> **Try it**: All lines below between the line with "ドアを追加するには、[Ctr" and the line with "Zdjęcia, Zachód, Słońca, Góry, Jezioro, Krzesła", including both, must be copied exactly, and the pictures must be omitted.

> **Working data**:

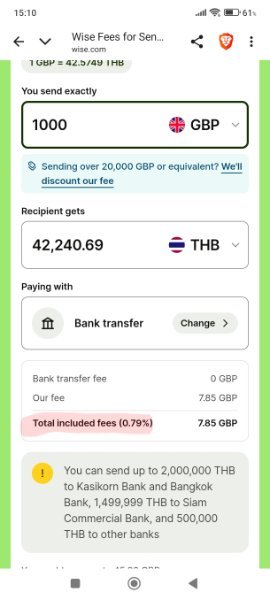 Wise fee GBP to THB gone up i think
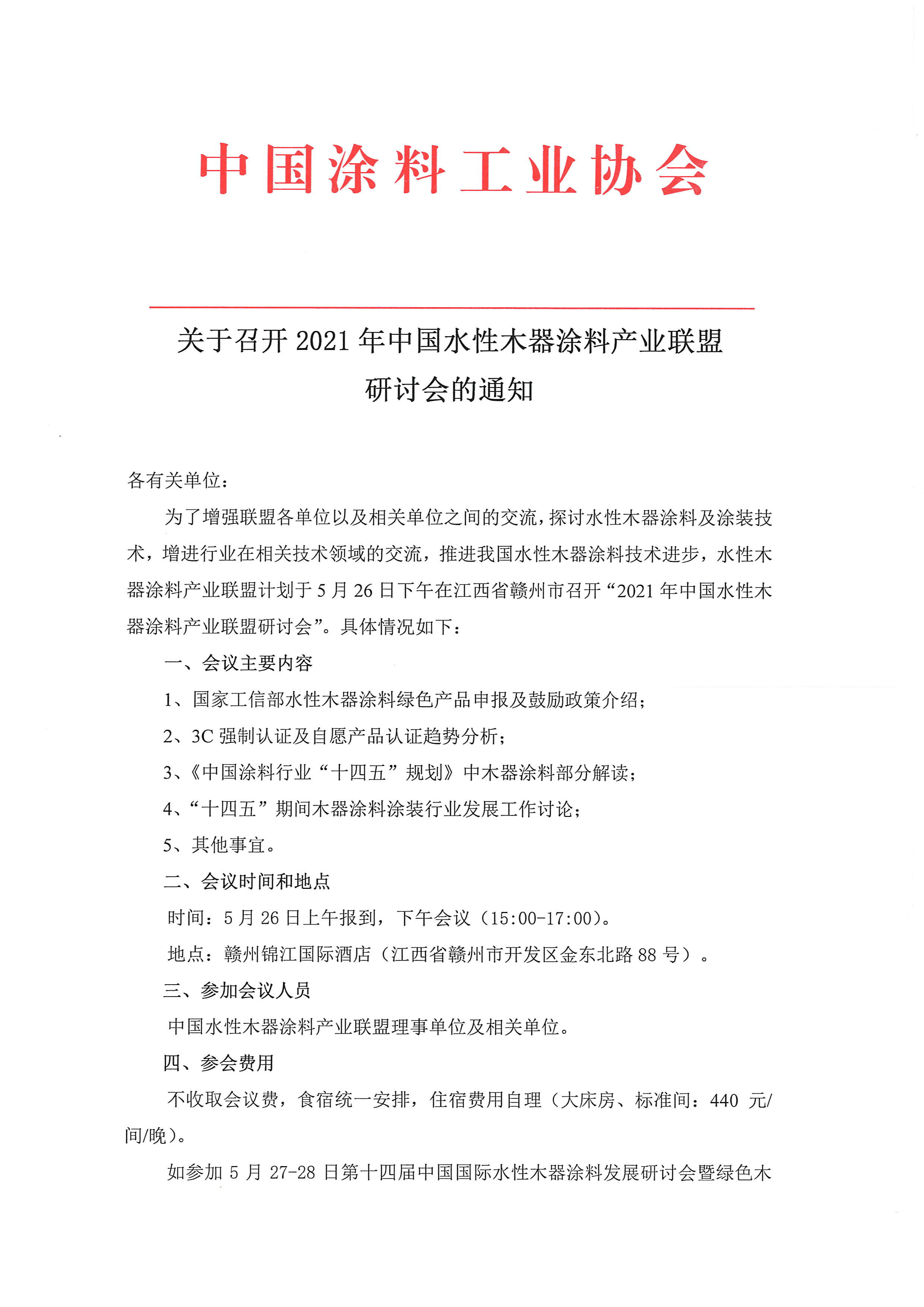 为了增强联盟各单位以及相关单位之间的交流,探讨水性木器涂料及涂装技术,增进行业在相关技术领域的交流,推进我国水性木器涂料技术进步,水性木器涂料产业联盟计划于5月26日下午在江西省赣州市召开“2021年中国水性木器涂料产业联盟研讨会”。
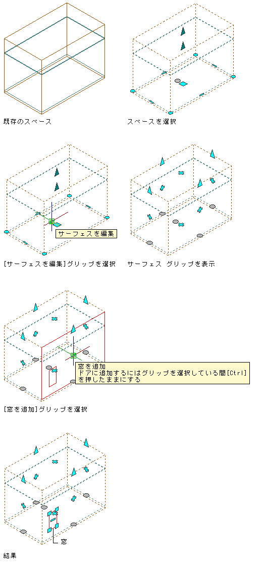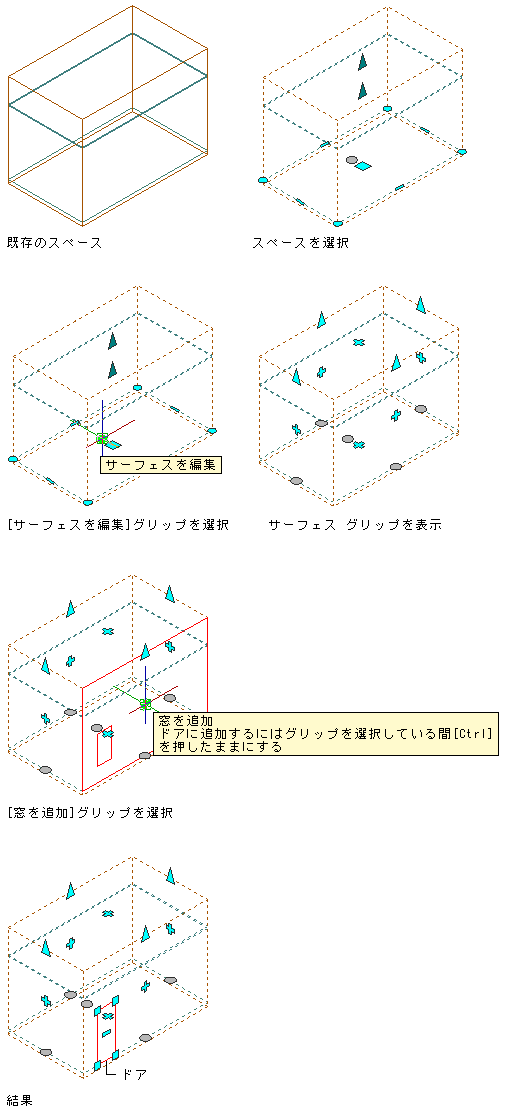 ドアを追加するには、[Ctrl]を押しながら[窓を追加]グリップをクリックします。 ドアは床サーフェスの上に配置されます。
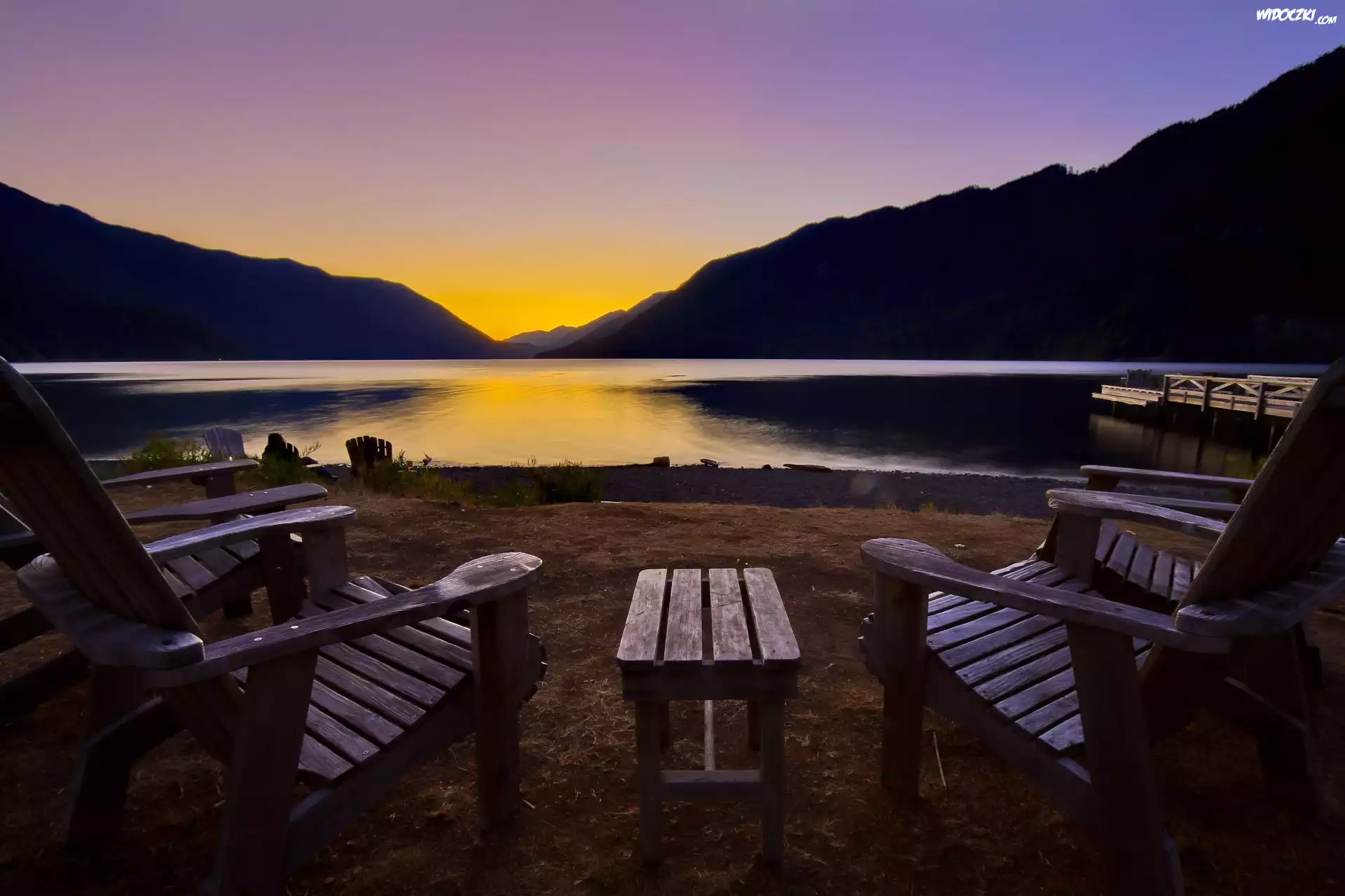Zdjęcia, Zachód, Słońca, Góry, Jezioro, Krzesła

--

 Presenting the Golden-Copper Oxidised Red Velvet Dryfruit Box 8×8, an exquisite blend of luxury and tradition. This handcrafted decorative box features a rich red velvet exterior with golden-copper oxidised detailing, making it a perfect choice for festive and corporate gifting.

> **Response**:
 ドアを追加するには、[Ctrl]を押しながら[窓を追加]グリップをクリックします。 ドアは床サーフェスの上に配置されます。
Zdjęcia, Zachód, Słońca, Góry, Jezioro, Krzesła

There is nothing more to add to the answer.